Covid-19 Detection Using CT Scan based on Gray Level Co-Occurrence Matrix

Mater Today Proc. 2021 Apr 27. doi: 10.1016/j.matpr.2021.04.224. Online ahead of print.

Abstract

The Coronavirus pandemic is one of the biggest problems the world has faced in the 21st century and this virus is a virus that infects the lung and causes breathing problems. In this research the program is designed for the purpose of reading images of the type CT scan, this study used 654 case these cases split in to two classes (infect , not infect), there are two phases in this study, training phase and testing phase.

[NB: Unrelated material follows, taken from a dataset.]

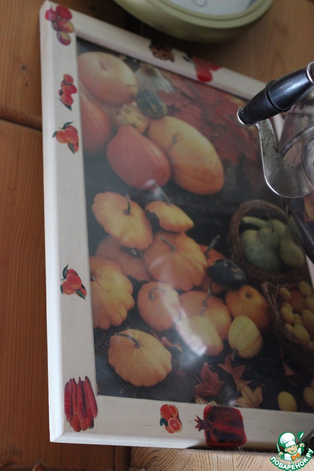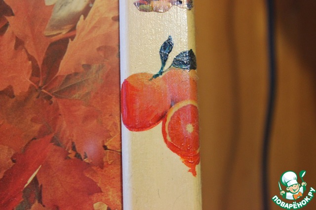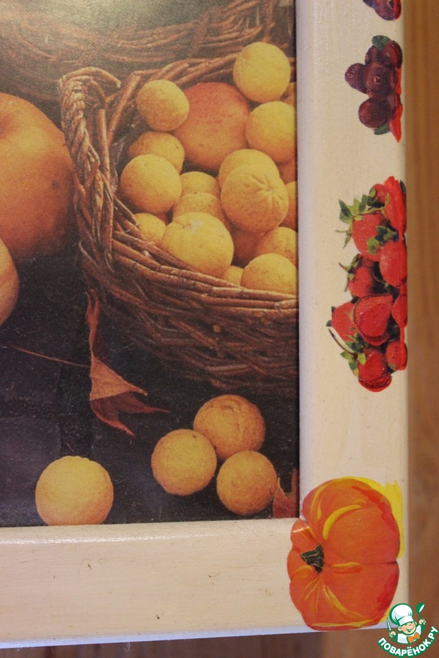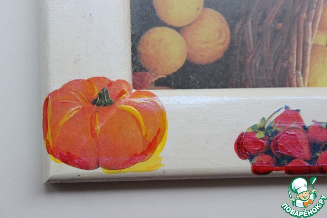 Это были не декупажные карты и не салфетки, а изображения фруктов на плотной бумаге, вырезанные из журналов. Рамка была окрашена акриловой краской, а затем изображения были наклеены и "усилены" цветными акриловыми красками...
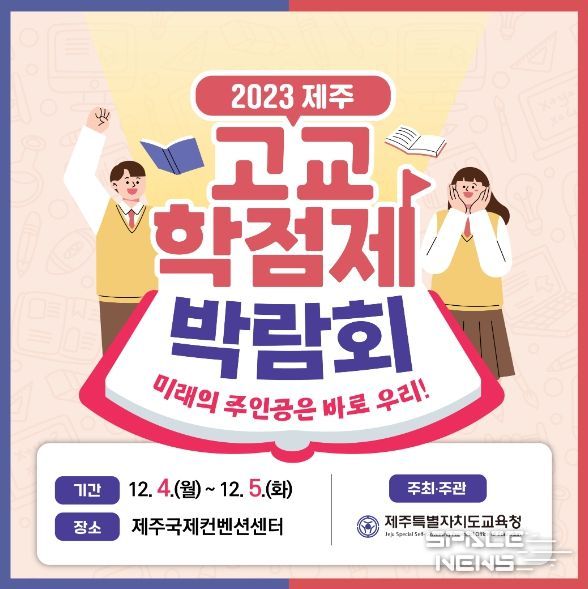 스페이스뉴스 스페이스뉴스 기자 | 제주특별자치도교육청은 도내 학생 및 학부모, 교사들을 대상으로 12월 4일부터 5일까지 2일간 ICC 제주국제컨벤션센터 이벤트홀에서‘미래의 주인공은 바로 우리’를 주제로『2023 제주 고교학점제 박람회』를 개최한다.

After training the training data store in database, the second phase is testing at first is pre-processing step which increase contrast, then remove lung by labelling the most contrast connected pixels and subtract labelling pixels from original image, the next step is noise removal by applying three filters (mean, median, Gaussian), after that applying gray level co-occurrence matrix (GLCM) in four directions (0°,45°,90° and 135°), then extract features from GLCM, in this study 10 features was extracted from each GLCM matrix, then compare between testing features and training database to specify the case is infect or not, in this study get accuracy 94% for detect the location of infection and detect the lung is infect or not.

Keywords: COVID-19; CT scan; GLCM; Haralick Features.